Notice what happens if we add up the G2 values from these two \(2 \times 2\) tables:
\(29.1 + 9.2 = 38.3\)
The result is very close to 38.4, the value of \(G^2\) that we got for the full \(3 \times 2\) table. In fact, these two numbers should have come out exactly the same; the difference in the last decimal place was merely due to a rounding error. It is possible to show by theoretical results that partitions of \(G^2 \) do add up to the total \(G^2\). However, that is not true for the Pearson \(X^2\). The individual \(X^2\) values do not add up exactly to the overall \(X^2\), but they are pretty close:
\(27.7 + 9.3 = 37.0 \approx 37.6\).
When we analyze a \(3 \times 2\) table in this manner---by combining two rows into a single row, and then un-combining them again---we have partitioned the 2 degree-of-freedom test for independence into two single degree-of-freedom tests.
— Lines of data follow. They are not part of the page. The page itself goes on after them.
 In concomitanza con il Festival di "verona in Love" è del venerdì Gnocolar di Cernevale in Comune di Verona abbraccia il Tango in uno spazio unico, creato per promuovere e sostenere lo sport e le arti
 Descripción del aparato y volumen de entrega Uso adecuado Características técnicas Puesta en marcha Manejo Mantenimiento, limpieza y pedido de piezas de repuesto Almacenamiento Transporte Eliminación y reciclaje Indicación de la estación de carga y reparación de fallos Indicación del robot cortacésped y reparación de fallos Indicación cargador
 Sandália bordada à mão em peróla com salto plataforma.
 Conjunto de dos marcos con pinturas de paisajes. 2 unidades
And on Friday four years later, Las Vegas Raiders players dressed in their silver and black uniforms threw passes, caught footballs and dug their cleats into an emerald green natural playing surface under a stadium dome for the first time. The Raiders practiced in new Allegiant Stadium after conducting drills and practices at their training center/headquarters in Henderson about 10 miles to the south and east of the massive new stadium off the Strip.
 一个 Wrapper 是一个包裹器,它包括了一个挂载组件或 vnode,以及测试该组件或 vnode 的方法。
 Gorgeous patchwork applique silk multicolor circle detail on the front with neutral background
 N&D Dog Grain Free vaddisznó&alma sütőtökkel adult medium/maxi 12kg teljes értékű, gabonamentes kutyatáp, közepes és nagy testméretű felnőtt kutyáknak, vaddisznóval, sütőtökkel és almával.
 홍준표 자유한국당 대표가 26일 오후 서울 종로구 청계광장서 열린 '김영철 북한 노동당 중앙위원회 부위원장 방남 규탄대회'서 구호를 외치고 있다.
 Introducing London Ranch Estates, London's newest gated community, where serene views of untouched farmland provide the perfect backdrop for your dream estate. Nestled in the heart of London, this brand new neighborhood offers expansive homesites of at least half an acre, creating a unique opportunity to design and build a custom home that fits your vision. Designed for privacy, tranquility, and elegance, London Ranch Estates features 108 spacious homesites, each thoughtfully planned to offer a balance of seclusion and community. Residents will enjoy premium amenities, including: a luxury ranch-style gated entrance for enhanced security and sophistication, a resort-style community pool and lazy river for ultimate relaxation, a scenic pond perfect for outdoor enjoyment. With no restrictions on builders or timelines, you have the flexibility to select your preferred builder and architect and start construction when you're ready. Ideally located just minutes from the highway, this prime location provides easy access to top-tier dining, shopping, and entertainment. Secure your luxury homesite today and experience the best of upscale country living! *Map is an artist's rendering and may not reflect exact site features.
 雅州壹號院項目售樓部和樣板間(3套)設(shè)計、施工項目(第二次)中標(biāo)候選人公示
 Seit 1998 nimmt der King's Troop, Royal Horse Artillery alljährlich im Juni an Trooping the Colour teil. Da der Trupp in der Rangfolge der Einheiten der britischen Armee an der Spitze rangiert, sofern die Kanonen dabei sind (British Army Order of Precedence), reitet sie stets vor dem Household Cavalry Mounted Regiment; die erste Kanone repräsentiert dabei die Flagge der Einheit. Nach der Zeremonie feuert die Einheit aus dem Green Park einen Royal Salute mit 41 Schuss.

By breaking up the test for independence into a sequence of tests for smaller tables, we can often identify precisely how the categorical variables may or may not be related. We compare these deviation statistics to investigate where the differences are coming from which could be very helpful when, for instance, you might be designing a future study and are exploring which parameters are important to include.
In practice, there are often many different ways to break up an \( I \times J\) table into a sequence of smaller tables. It is a good idea to do it in such a way that independence tests for each of the smaller tables pertain to a question that makes sense in the context of the individual problem, keeping the above rules in mind.